++++ Stored data ++++

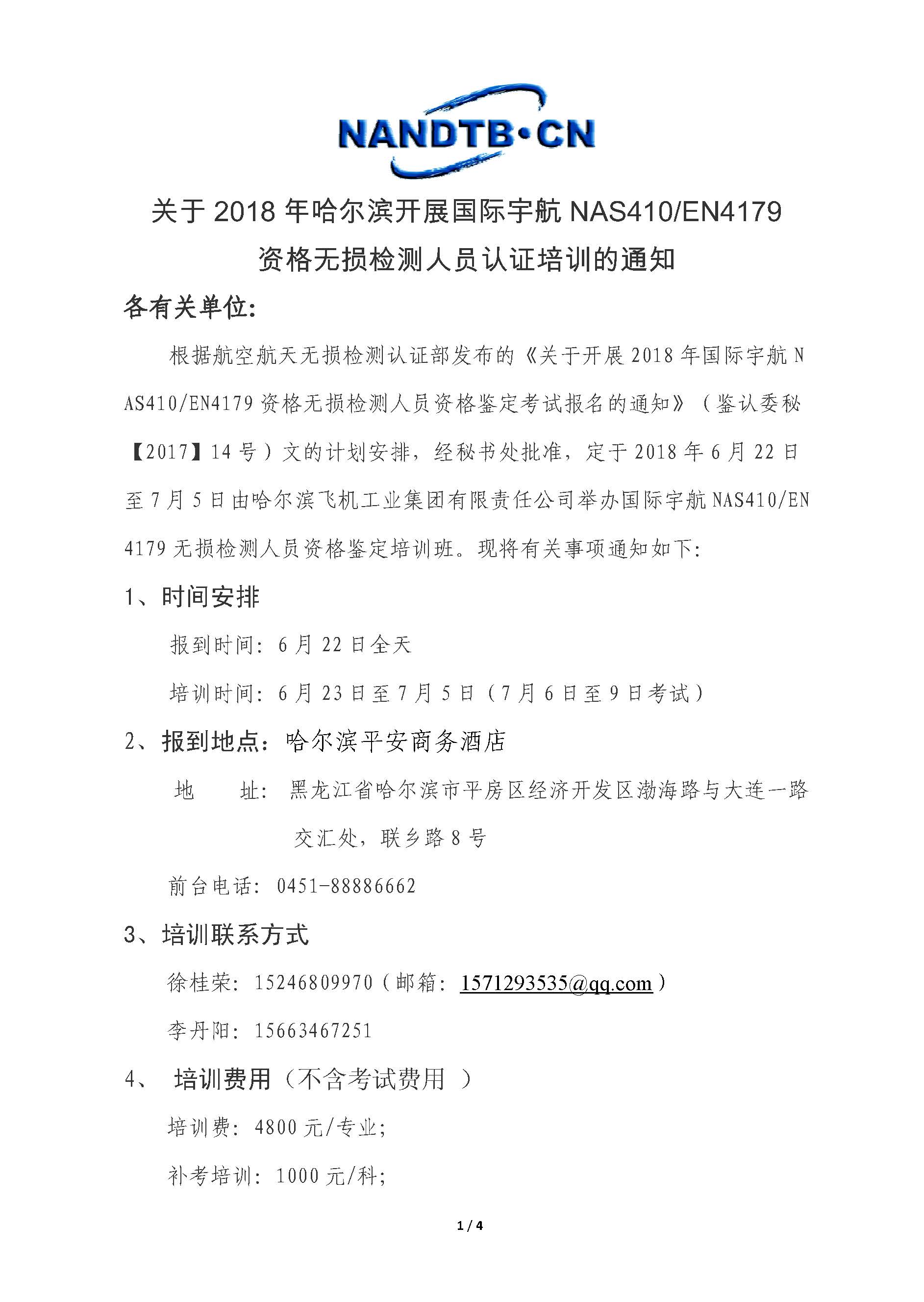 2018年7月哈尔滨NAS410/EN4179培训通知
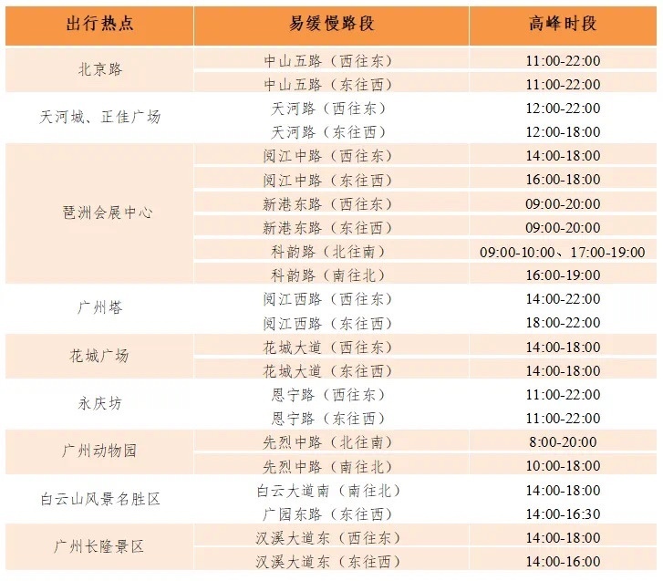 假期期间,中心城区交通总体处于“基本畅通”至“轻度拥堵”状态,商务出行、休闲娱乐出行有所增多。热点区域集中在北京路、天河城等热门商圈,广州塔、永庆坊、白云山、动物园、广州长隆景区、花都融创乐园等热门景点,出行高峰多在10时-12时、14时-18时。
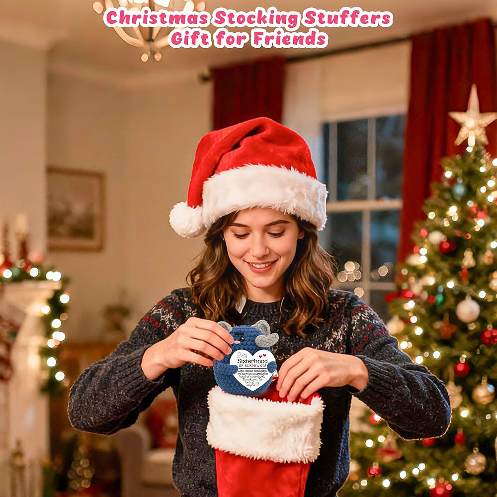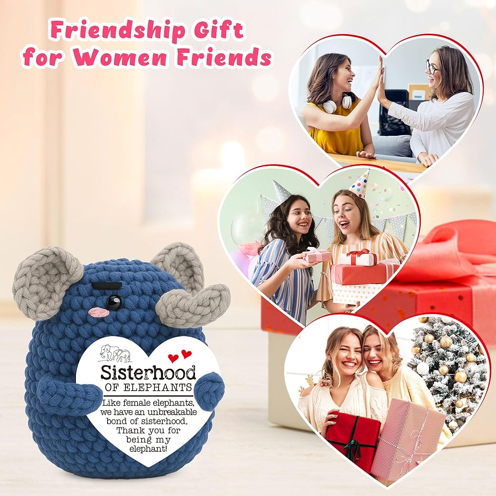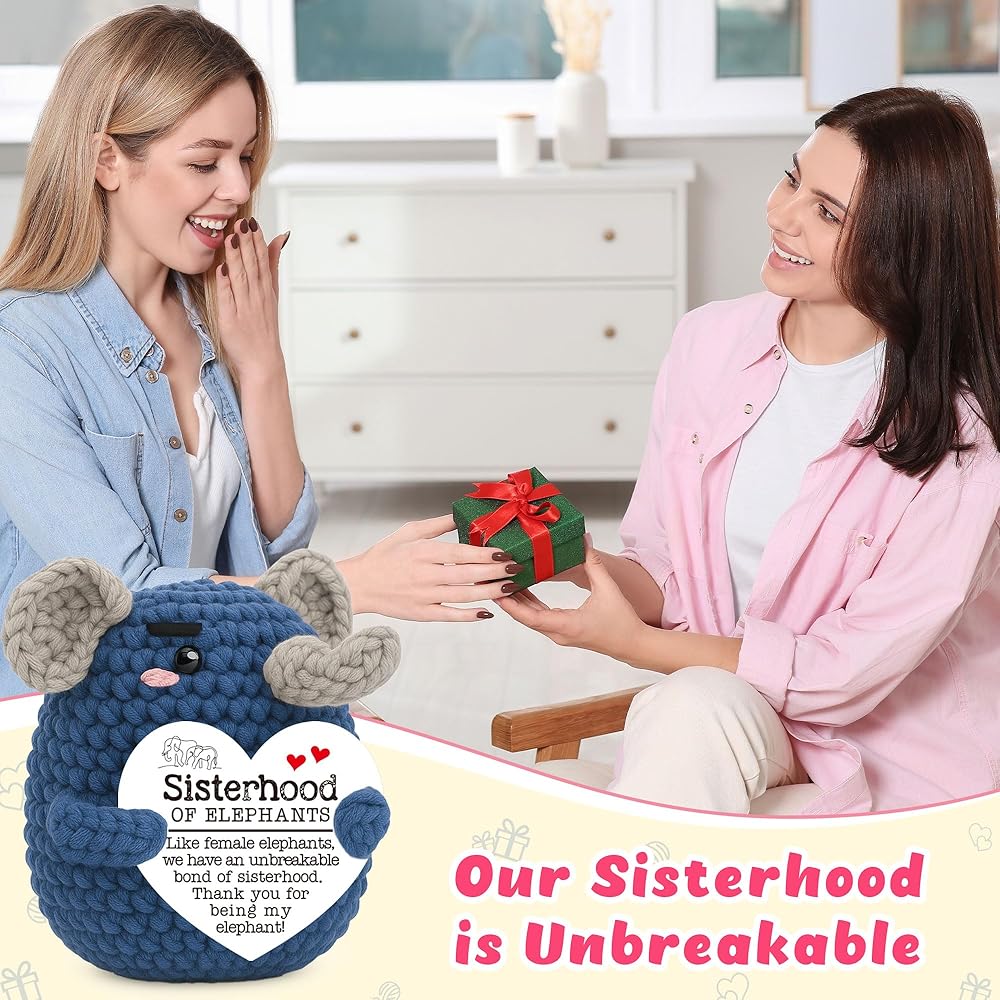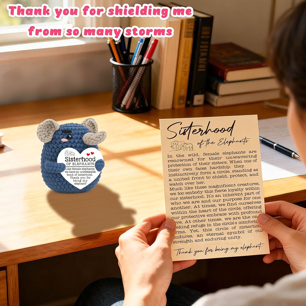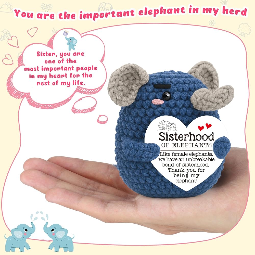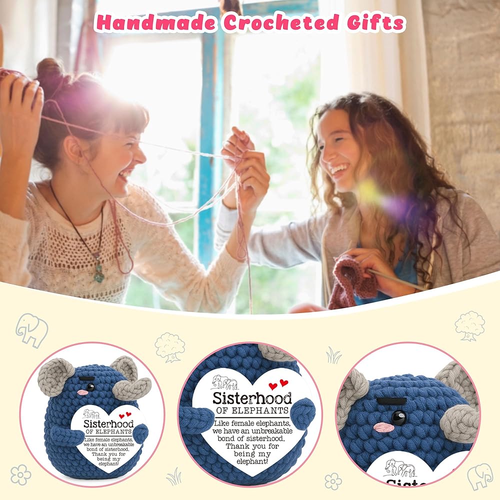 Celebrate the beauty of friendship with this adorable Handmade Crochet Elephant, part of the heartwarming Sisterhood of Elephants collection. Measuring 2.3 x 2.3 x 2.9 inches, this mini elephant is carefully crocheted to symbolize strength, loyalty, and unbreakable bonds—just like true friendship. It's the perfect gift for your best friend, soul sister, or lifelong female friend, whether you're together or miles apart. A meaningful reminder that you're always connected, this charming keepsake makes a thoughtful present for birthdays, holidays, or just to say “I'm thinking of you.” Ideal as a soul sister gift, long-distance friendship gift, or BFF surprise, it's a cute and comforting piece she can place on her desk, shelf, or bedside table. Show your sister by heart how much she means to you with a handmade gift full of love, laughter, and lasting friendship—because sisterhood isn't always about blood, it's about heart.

++++
++++ Stored data ++++

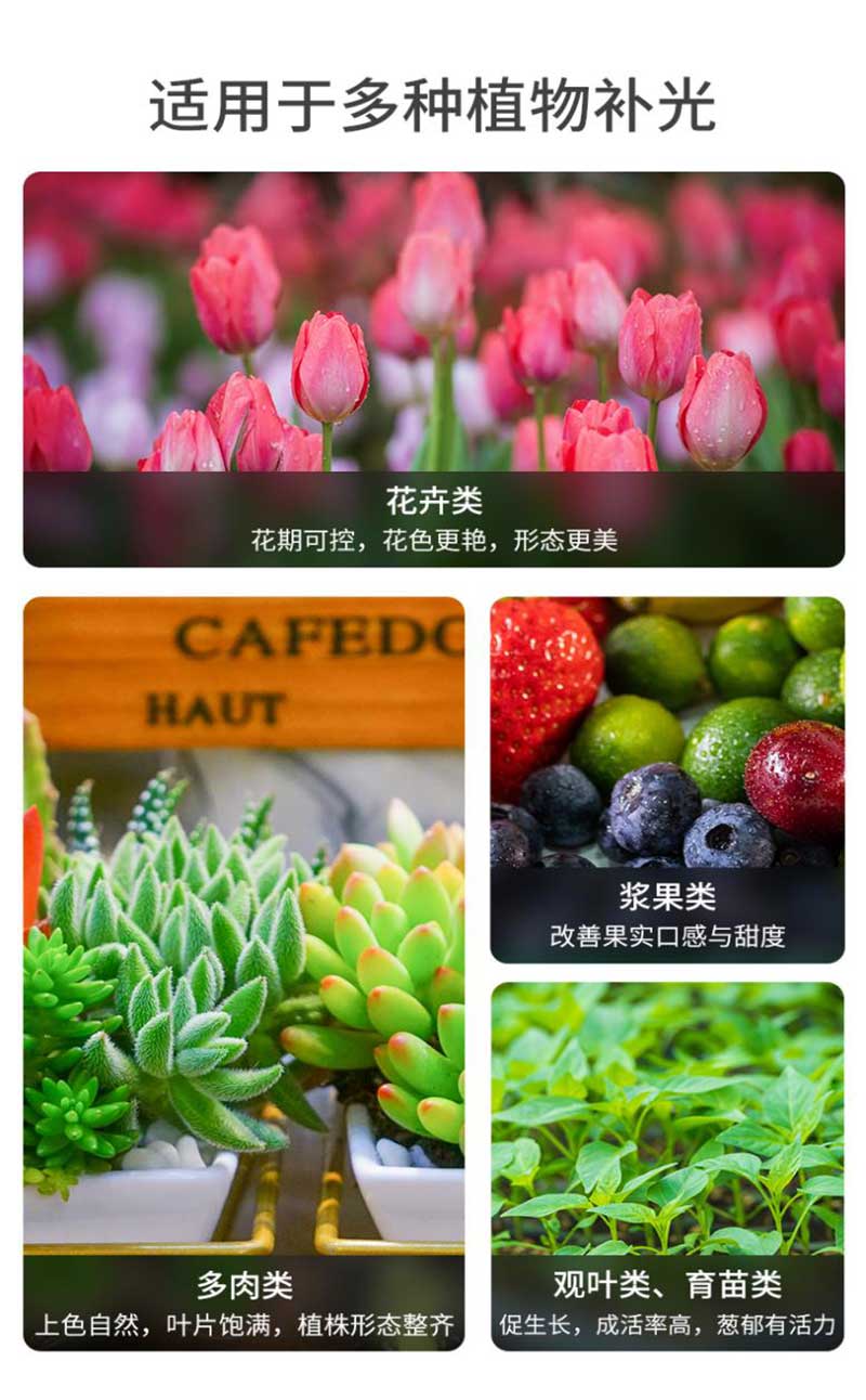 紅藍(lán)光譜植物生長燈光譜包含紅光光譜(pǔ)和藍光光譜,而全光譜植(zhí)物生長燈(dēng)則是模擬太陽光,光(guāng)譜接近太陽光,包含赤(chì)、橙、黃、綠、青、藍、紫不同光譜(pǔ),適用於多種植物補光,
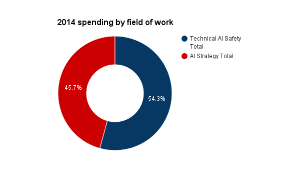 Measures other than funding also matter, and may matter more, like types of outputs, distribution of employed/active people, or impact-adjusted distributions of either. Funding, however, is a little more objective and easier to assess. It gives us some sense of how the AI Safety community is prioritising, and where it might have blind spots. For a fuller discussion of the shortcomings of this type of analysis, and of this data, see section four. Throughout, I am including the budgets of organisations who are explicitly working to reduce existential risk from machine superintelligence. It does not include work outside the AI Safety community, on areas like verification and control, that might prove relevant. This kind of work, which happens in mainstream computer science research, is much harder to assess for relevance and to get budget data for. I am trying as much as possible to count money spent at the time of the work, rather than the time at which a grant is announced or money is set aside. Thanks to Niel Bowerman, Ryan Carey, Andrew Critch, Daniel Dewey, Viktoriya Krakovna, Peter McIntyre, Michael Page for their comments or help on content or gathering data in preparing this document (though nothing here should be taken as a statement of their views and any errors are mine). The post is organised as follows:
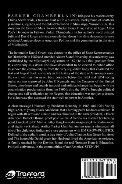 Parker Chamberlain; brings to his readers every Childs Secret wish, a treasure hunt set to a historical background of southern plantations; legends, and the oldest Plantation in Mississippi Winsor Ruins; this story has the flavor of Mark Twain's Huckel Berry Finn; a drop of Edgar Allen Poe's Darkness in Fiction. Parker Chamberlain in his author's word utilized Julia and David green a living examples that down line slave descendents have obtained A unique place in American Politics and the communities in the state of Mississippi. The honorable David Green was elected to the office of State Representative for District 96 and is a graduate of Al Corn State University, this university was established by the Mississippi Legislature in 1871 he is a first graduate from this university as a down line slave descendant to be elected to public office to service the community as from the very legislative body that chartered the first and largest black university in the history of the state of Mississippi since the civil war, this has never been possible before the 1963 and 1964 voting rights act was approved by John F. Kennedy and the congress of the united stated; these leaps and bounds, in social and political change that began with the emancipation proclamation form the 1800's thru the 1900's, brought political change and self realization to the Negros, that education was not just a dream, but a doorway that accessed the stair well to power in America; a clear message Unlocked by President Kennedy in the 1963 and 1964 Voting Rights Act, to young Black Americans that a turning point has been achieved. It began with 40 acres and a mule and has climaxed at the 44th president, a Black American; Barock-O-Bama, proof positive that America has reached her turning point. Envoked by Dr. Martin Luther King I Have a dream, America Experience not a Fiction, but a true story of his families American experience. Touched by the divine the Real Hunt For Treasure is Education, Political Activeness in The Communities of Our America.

++++

▸ **Required action**: From the listing above, restate verbatim the lines running from the one with "2018年7月哈尔滨NAS410/EN4179培训通知" through the one with "Celebrate the beauty", inclusive, but not the pictures.

▸ **Answer box**:
 2018年7月哈尔滨NAS410/EN4179培训通知
 假期期间,中心城区交通总体处于“基本畅通”至“轻度拥堵”状态,商务出行、休闲娱乐出行有所增多。热点区域集中在北京路、天河城等热门商圈,广州塔、永庆坊、白云山、动物园、广州长隆景区、花都融创乐园等热门景点,出行高峰多在10时-12时、14时-18时。
 Celebrate the beauty of friendship with this adorable Handmade Crochet Elephant, part of the heartwarming Sisterhood of Elephants collection. Measuring 2.3 x 2.3 x 2.9 inches, this mini elephant is carefully crocheted to symbolize strength, loyalty, and unbreakable bonds—just like true friendship. It's the perfect gift for your best friend, soul sister, or lifelong female friend, whether you're together or miles apart. A meaningful reminder that you're always connected, this charming keepsake makes a thoughtful present for birthdays, holidays, or just to say “I'm thinking of you.” Ideal as a soul sister gift, long-distance friendship gift, or BFF surprise, it's a cute and comforting piece she can place on her desk, shelf, or bedside table. Show your sister by heart how much she means to you with a handmade gift full of love, laughter, and lasting friendship—because sisterhood isn't always about blood, it's about heart.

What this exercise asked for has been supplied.